O levantamento também identificou que a área a qual as pessoas mais acreditam que não está sendo feito o suficiente para alcançar direitos iguais entre homens e mulheres é o cuidado das crianças e do lar, conforme quase metade dos respondentes (48%). Sérvia (73%), Espanha (63%) e Peru (60%) são os que mais acreditam que não está sendo suficiente o que está sendo feito para alcançar o direito de igualdade, já os italianos (15%), canadenses (37% e suecos (37%) estão entre os menores percentuais, seguidos pelos brasileiros (39%).

Quando perguntados se acreditavam que a discriminação contra mulheres que cuidam exclusivamente das crianças e do lar poderia terminar em 20 anos, os pesquisados ficaram divididos. Duas em cada cinco (39%) pessoas se mostraram confiantes nessa mudança. Aproximadamente a mesma proporção (42%) respondeu que não acredita.

Entre os países que acreditam que a discriminação terá terminado em vinte anos estão: Índia (59%), Malásia (55%) e Brasil (52%). Os menos confiantes são Hungria (24%), Rússia (23%) e Japão (14%). Entre os brasileiros os mais confiantes são os homens (55%), mais jovens (56%) quem ocupa cargo de decisão e liderança.

“A pesquisa propõe a reflexão sobre os direitos de homens e mulheres, para que o homem exerça um papel mais ativo no lar e com os filhos, permitindo que as mulheres atinjam os seus direitos.
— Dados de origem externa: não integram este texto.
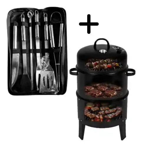 ¡Disfruta del auténtico sabor del asado al carbón con este combo parrillero completo D-tech Ideal para quienes aman compartir momentos únicos en familia o con amigos, este set 3 en 1 te permite asar, ahumar y hornear con resultados profesionales. Este combo incluye el potente Barril BBQ Multifuncional + un kit de 6 herramientas de acero inoxidable con estuche, todo lo que necesitas para tus parrilladas en un solo paquete. Ventajas y características destacadas: 3 funciones en 1 Con su diseño multicapa puedes asar, ahumar o usar como horno, adaptándose a cualquier tipo de preparación. Tamaño ideal y portátil Altura de 80 cm y diámetro de 40 cm. Compacto, pero con gran capacidad. Perfecto para terrazas, patios o viajes. Termómetro incorporado Controla la temperatura interna sin necesidad de abrir el barril. Ventilación superior ajustable Controla el flujo de aire para cocinar de forma uniforme y mantener el sabor. Parrillas cromadas resistentes Mayor durabilidad, fácil limpieza y mejor cocción por contacto directo. Incluye kit parrillero de 6 piezas Tenazas, espátula, cuchillo, brocha, pinchos, cepillo y más, todo en un estuche compacto de 38 x 24 cm, ideal para transportar y mantener organizado. Materiales resistentes al calor y al óxido Diseñado en acero de alta durabilidad para soportar altas temperaturas sin deteriorarse. Fácil de limpiar y montar Desarmable por capas y con puertas laterales de acceso rápido. Perfecto para: Fiestas al aire libre, reuniones familiares, camping, días de campo, negocios de comida o simplemente para quienes disfrutan del verdadero sabor del asado. Envío gratis a todo el país
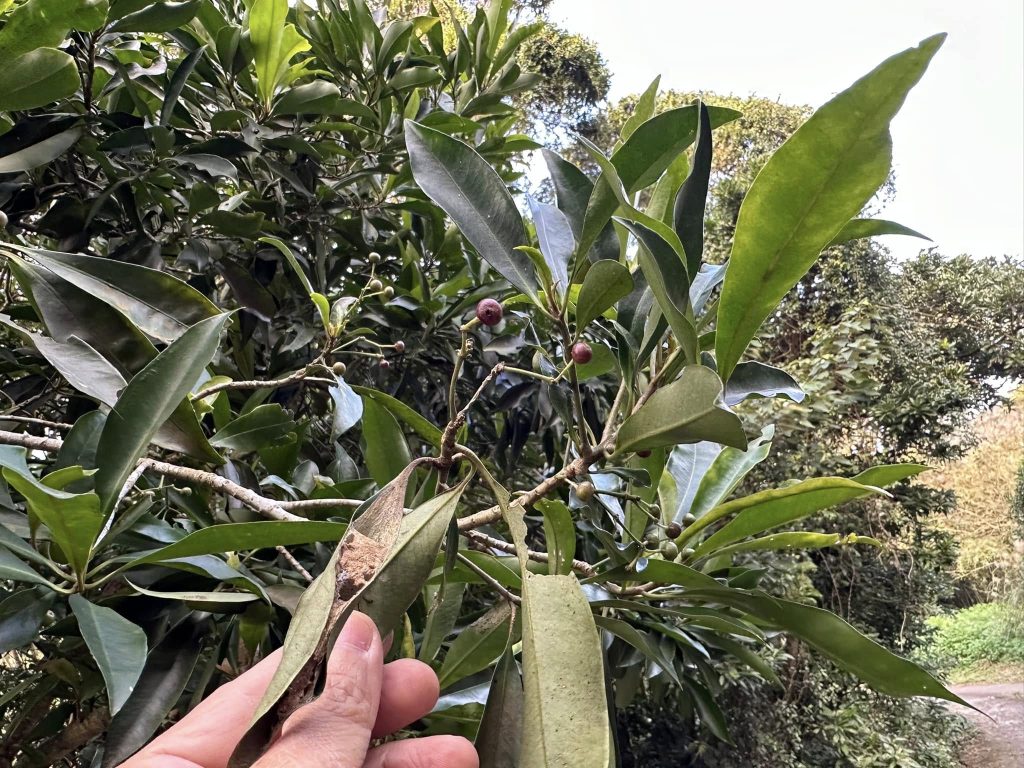 每次出來採種,都覺得身上好像有雷達一樣,開車到某一段有特別感覺時,就會下車查看,幾乎每次都有意外的收穫,今天就遇到一棵胸徑40~50公分的「賊仔樹」,樹高約12公尺,落果滿地,賊仔樹真的可遇不可求,我撿拾柏油路上的種子,就撿了滿滿的一包。
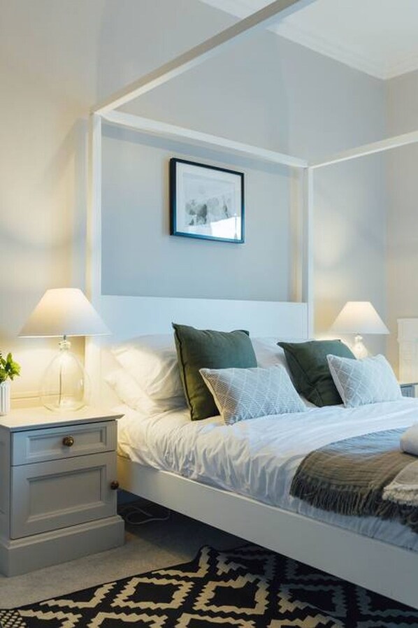 The Riverside Apartment has been recently renovated throughout with it`s original features retained. The large living room is a highlight with a Smart TV so you can login to Netflix/Prime etc. The master bedroom features a king sized 4 poster bed and the second bedroom has a double bed. Both bedrooms have wardrobes for ample clothes storage. There is a large fully equipped kitchen with attached dining area seating 4. A separate office with desk is great for getting some after hours emails done.
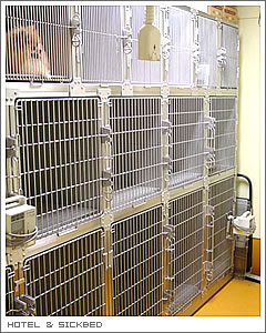入院治療やホテル滞在時の動物たちのお部屋もたくさん用意しています。猫専用ルームもあります。 |
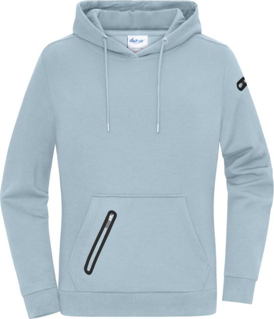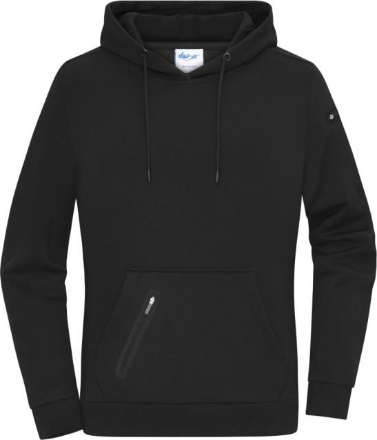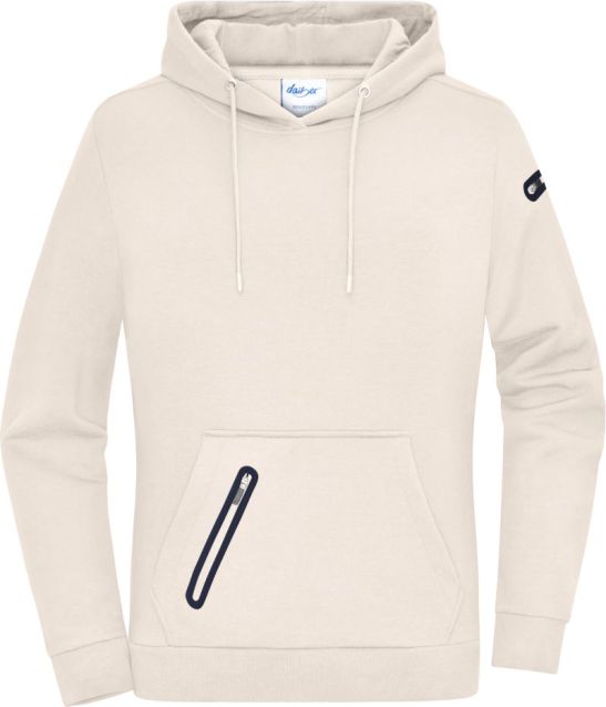 Leicht taillierter Schnitt, gefütterte Kapuze mit Kordel, Kängurutasche mit zusätzlicher Reißverschlusstasche, Reißverschlusstasche am linken Ärmel, 30° waschbar, Schonwäsche, nicht trocknergeeignet
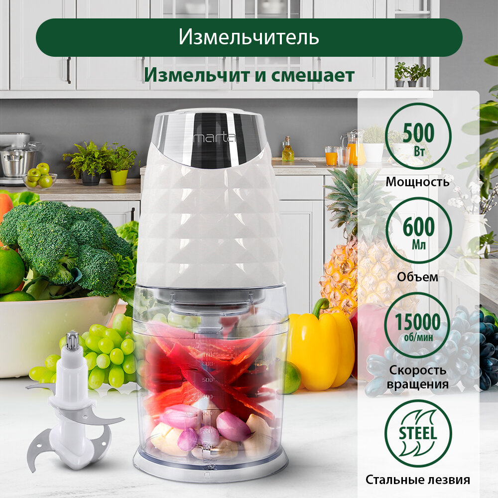 MARTA MT-2074 белый жемчуг/хром измельчитель интересное:
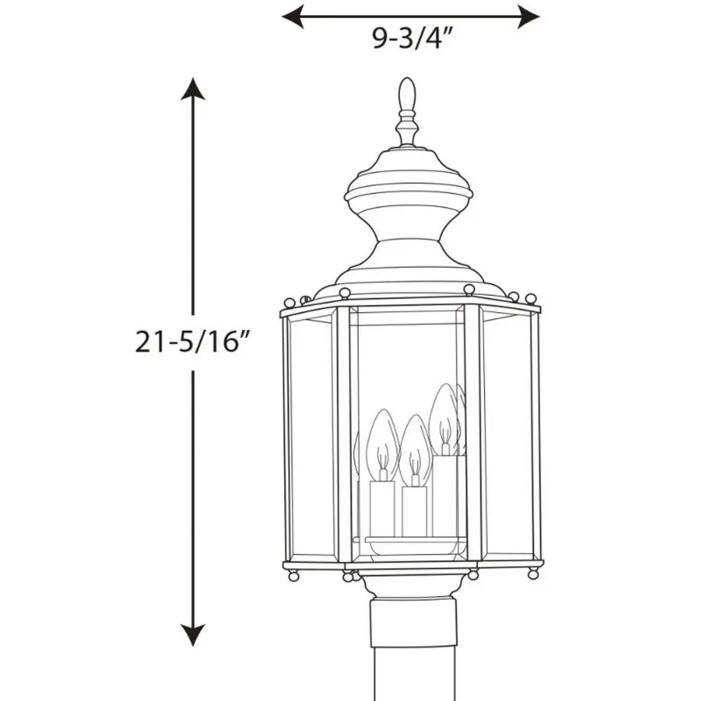 Introducing the Progress Lighting Air Pro Collection Post Lantern. Crafted from solid brass with a Matte Black BrassGuard finish, this traditional hexagonal style lantern exudes timeless elegance. The clear beveled glass panels allow for a warm, inviting glow. Measuring 9.75" in width and 21.31" in height, this wet-rated lantern is designed to fit on a 3" post. With a Lamping Type of Incandescent and a wattage of 60 Watts, it accommodates 3 bulbs. The included shade measures 4.5 x 9.5 inches, adding to its classic appeal. Illuminate your outdoor space with this stunning and durable post lantern from Progress Lighting.
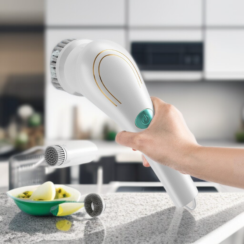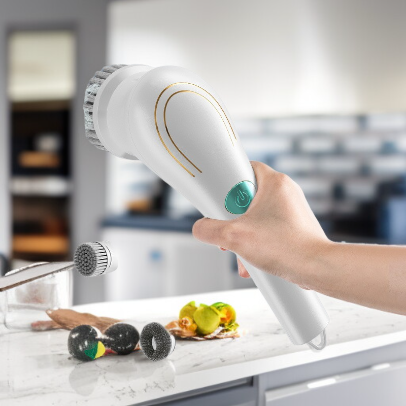 ● Comes with 5 interchangeable brush heads to tackle a variety of cleaning tasks, making it perfect for bathrooms, bathtubs, wall tiles, floors, and kitchens.
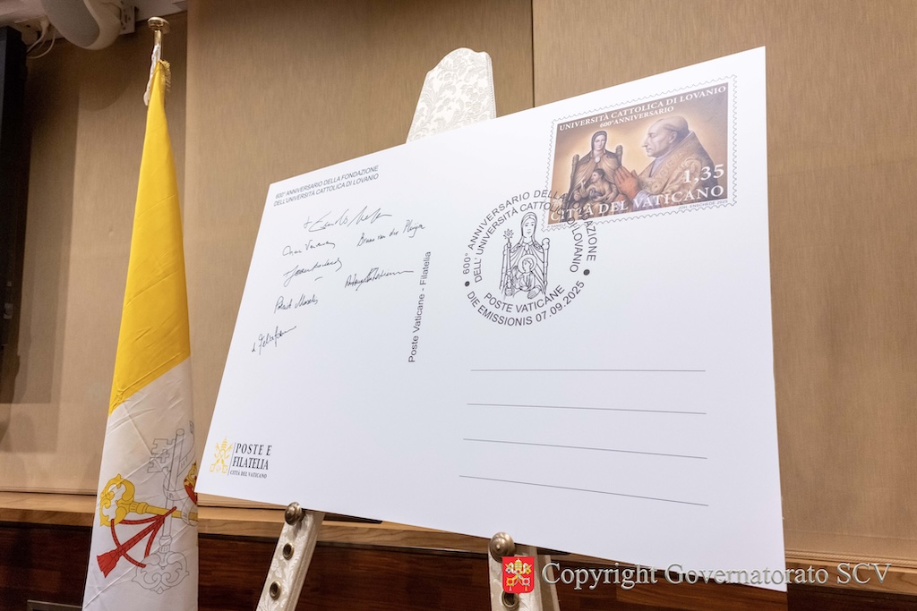 A completare l’iniziativa, anche un annullo postale commemorativo, elaborato partendo dallo stemma ufficiale fornito dall’Ambasciata del Belgio presso la Santa Sede. Al centro dell’annullo, a forma circolare e con un diametro di 38 mm, campeggia nuovamente la figura della Vergine Maria nella sua veste di Sedes Sapientiae, accompagnata dalle diciture: “600° anniversario della fondazione dell’Università Cattolica di Lovanio”, “Poste Vaticane” e “Die Emissionis 07.09.2025”.
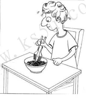 What an interesting picture! A Western young man, sitting at a table, is ready to eat a bowl of noodles. He is holding two forks the same way as we Chinese hold chopsticks. He is trying so hard to pick up the noodles that he is sweating a lot. At first glance, I think it’s a bit funny, for we Chinese take for granted that chopsticks are the tools for eating noodles. The man in the picture is trying to copy us. Obviously he is doing it the hard way. Maybe using one fork will do a better job, In my opinion, we don’t need to copy others’ ways of thinking. Sometimes a simpler way of doing things may be a better way.
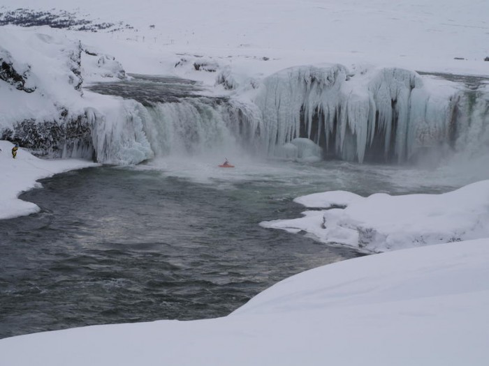 German adventurer Matze Brustmann from Munich is probably the first person to descend into the Goðafoss waterfall in winter. Vilhjálmur Grímsson followed Brustmann and his team of filmmakers and cameramen and captured the endeavor on camera.
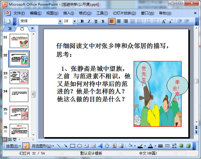 不知道大家听说过范进中举这件事情没有呢。今天东坡小编为各位朋友们带来的就是一份人教版八年级语文的范进中举ppt公开课课件,总共有54页,首先就用图画对文中经典的范进中举前、后进行了对比,非常的深刻。对文章的中心进行了有针对性地提问,解释。非常的优秀,欢迎前来东坡下载使用。

O caminho a percorrer ainda é longo, mas está na hora de os homens lutarem pelo direito das mulheres. É ótimo entender que ter direitos e deveres no lar e na partilha da paternidade e maternidade é um benefício para todos”, completa Lindemeyer. O estudo foi realizado em 27 países, com 18.800 entrevistados, sendo 1.000 brasileiros, entre os dias 21 de dezembro de 2018 e 4 de janeiro de 2019. A margem de erro é de 3,1 p.p.